2.5 Epsilon-Greedy Strategy
The epsilon-greedy algorithm is a simple and intuitive approach to balancing exploration and exploitation. At each time step, with probability \(\epsilon\), the agent chooses a random arm (exploration), and with probability \(1 - \epsilon\), it selects the arm with the highest empirical mean (exploitation). Let \(\hat{\mu}_{k,t}\) denote the empirical mean reward for arm \(k\) at time \(t\). Then:
\[ A_t = \begin{cases} \text{random choice} & \text{with probability } \epsilon, \\ \arg\max_k \hat{\mu}_{k,t} & \text{with probability } 1 - \epsilon. \end{cases} \]
While this algorithm is not optimal in the theoretical sense, it often performs well in practice for problems with stationary reward distributions when the exploration rate \(\epsilon\) is properly tuned.

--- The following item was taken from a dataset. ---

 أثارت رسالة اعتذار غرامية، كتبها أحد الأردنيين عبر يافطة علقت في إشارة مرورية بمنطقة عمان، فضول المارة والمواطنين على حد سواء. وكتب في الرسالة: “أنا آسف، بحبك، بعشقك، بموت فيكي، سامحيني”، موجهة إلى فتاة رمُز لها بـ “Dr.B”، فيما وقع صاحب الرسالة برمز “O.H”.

Regret under a fixed \(\epsilon\) is linear in \(T\), i.e., \(\mathcal{R}(T) = O(T)\), unless \(\epsilon\) is decayed over time (e.g., \(\epsilon_t = 1/t\)), which introduces a trade-off between convergence speed and variance.

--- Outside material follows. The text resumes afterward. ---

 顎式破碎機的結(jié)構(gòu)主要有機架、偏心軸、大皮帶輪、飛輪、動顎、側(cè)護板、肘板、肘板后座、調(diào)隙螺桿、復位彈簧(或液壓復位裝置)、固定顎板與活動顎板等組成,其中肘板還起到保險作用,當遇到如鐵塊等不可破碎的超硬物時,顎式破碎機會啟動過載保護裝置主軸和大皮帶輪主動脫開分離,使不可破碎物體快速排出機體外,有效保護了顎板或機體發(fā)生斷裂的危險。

2.5.1 R Code for Epsilon-Greedy
set.seed(42)
epsilon <- 0.1
counts <- rep(0, K)
values <- rep(0, K)
regret <- numeric(T)
for (t in 1:T) {
if (runif(1) < epsilon) {
a <- sample(1:K, 1) # Exploration
} else {
a <- which.max(values) # Exploitation
}
reward <- rbinom(1, 1, mu[a])
counts[a] <- counts[a] + 1
values[a] <- values[a] + (reward - values[a]) / counts[a]
regret[t] <- max(mu) - mu[a]
}
cum_regret_eps <- cumsum(regret)
lines(cum_regret_eps, col = "darkgreen", lwd = 2)

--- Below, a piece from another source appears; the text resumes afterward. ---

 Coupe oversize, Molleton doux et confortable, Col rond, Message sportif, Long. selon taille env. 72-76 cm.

legend("topright", legend = c("UCB1", "Thompson Sampling", "Epsilon-Greedy"),
col = c("blue", "red", "darkgreen"), lwd = 2)
2.6 Summary Table
Method | Paradigm | Assumptions | Exploration Mechanism | Regret Bound | Strengths | Weaknesses |
---|---|---|---|---|---|---|
UCB1 | Frequentist | Stationary, bounded rewards | Upper Confidence Bound | \(O(\log T)\) | Simple, provable guarantees | Conservative, suboptimal in practice |
Thompson Sampling | Bayesian | Prior over reward distributions | Posterior sampling | \(O(\sqrt{KT})\), empirically better | Adaptive, efficient with good priors | Sensitive to prior misspecification |
KL-UCB | Frequentist | Known reward distributions | KL-divergence bounds | \(O(\log T)\) (tighter) | Distribution-aware | More complex implementation |
Epsilon-Greedy | Heuristic | None | Random exploration | \(O(T)\) if \(\epsilon\) fixed | Very simple | Inefficient long-term |
2.7 Conclusion
The multi-armed bandit problem remains an essential model for studying decision-making under uncertainty. While frequentist methods like UCB1 provide rigorous guarantees and conceptual clarity, Bayesian approaches like Thompson Sampling offer greater flexibility and empirical performance. The choice between them hinges on the trade-offs between interpretability, adaptivity, and prior knowledge.
The R implementations provided here allow for practical experimentation and benchmarking. In real-world applications, such as clinical trial design, online recommendations, and adaptive A/B testing, these algorithms offer principled foundations for learning and acting in uncertain environments.